(What to work on)
Go through the listing that follows and write it out exactly. Drop the pictures.

(Dataset section)
══════════

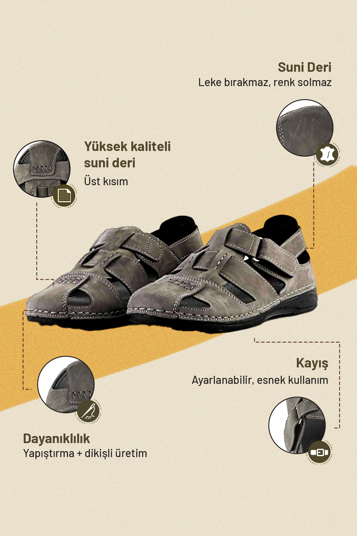 Tigerline Erkek Sandalet - Gri Nubuk - Konfor Destekli Yapı Şık Tasarım Yumuşak Taban Özellikleri
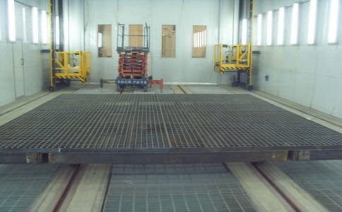 ? 以氣流方向劃分為三類。 大件線噴漆室 橫流式噴漆房: 氣流從房的一端流向另一端。此種機型成本低,易安裝。缺點是霧狀物沿著車身側面移動,且霧氣不能從操作者的面部周圍除去,工作環(huán)境不盡人意。
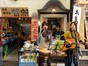 観光通りアーケードの入り口で、新鮮野菜や惣菜の販売と五島うどんを食べれるお店を紹介します。西海新鮮処 大空と大地さんです。今日はお好み焼を始められるということでライブもありました。
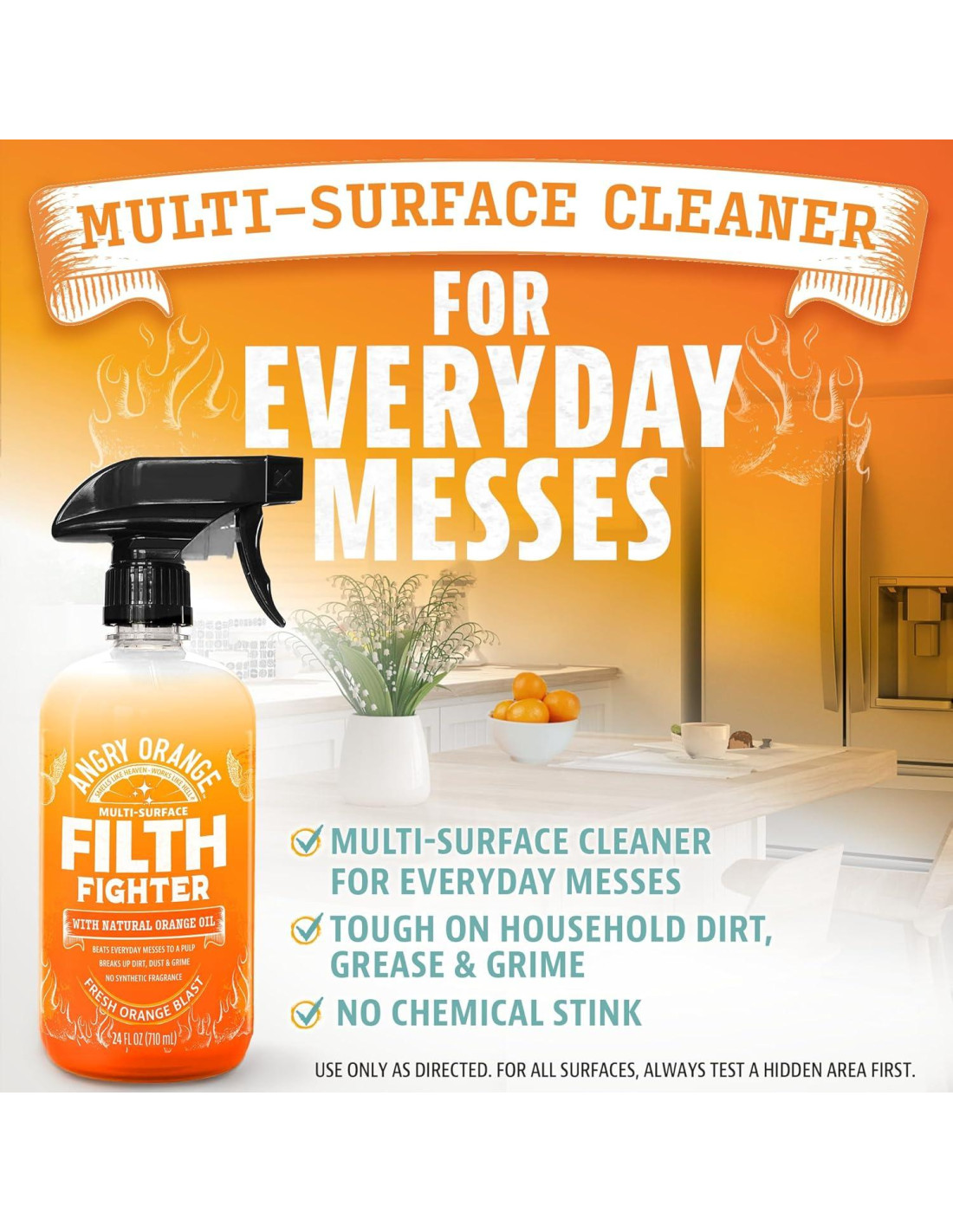 Limpia la suciedad y mugre de tu mascota. Desata el aroma celestial de cítricos y detén los desastres en seco con productos hechos para los olores y manchas más desagradables de las mascotas. Elimina el mal olor de las mascotas y controla las manchas con un olor fresco y limpio que funciona de maravilla. Limpia en cualquier lugar de la casa con el poder de estos dúos. Usa los productos Angry Orange juntos para un golpe de 1-2. Combate la suciedad y mugre con nuestros increíbles productos de limpieza multiusos. El Combatiente de Suciedad Multi-Superficie Angry Orange tiene un aroma fresco y celestial impulsado por aceite de naranja natural de cáscaras de naranja prensadas en frío. Por eso este limpiador multiusos de alta resistencia no tiene olor químico ni aroma a perfume cuando lo rocías. Combate la suciedad sin una larga lista de ingredientes. Nuestro limpiador multi-superficie no está formulado con parabenos ni ftalatos y tampoco contiene blanqueador ni amoníaco. Además, es seguro de usar en hogares con perros cuando se usa según las indicaciones. Angry Orange sabe cómo eliminar los desastres difíciles... tanto de humanos como de mascotas. Combate los desastres más sucios del hogar con nuestro Combatiente de Suciedad o enfrenta los olores y accidentes más desagradables de las mascotas con los productos Eliminador de Olores y Quitamanchas de Mascotas Angry Orange. Estamos decididos a hacer que tu hogar sea fresco y limpio.

══════════

(Response area)
 Tigerline Erkek Sandalet - Gri Nubuk - Konfor Destekli Yapı Şık Tasarım Yumuşak Taban Özellikleri
 ? 以氣流方向劃分為三類。 大件線噴漆室 橫流式噴漆房: 氣流從房的一端流向另一端。此種機型成本低,易安裝。缺點是霧狀物沿著車身側面移動,且霧氣不能從操作者的面部周圍除去,工作環(huán)境不盡人意。
 観光通りアーケードの入り口で、新鮮野菜や惣菜の販売と五島うどんを食べれるお店を紹介します。西海新鮮処 大空と大地さんです。今日はお好み焼を始められるということでライブもありました。
 Limpia la suciedad y mugre de tu mascota. Desata el aroma celestial de cítricos y detén los desastres en seco con productos hechos para los olores y manchas más desagradables de las mascotas. Elimina el mal olor de las mascotas y controla las manchas con un olor fresco y limpio que funciona de maravilla. Limpia en cualquier lugar de la casa con el poder de estos dúos. Usa los productos Angry Orange juntos para un golpe de 1-2. Combate la suciedad y mugre con nuestros increíbles productos de limpieza multiusos. El Combatiente de Suciedad Multi-Superficie Angry Orange tiene un aroma fresco y celestial impulsado por aceite de naranja natural de cáscaras de naranja prensadas en frío. Por eso este limpiador multiusos de alta resistencia no tiene olor químico ni aroma a perfume cuando lo rocías. Combate la suciedad sin una larga lista de ingredientes. Nuestro limpiador multi-superficie no está formulado con parabenos ni ftalatos y tampoco contiene blanqueador ni amoníaco. Además, es seguro de usar en hogares con perros cuando se usa según las indicaciones. Angry Orange sabe cómo eliminar los desastres difíciles... tanto de humanos como de mascotas. Combate los desastres más sucios del hogar con nuestro Combatiente de Suciedad o enfrenta los olores y accidentes más desagradables de las mascotas con los productos Eliminador de Olores y Quitamanchas de Mascotas Angry Orange. Estamos decididos a hacer que tu hogar sea fresco y limpio.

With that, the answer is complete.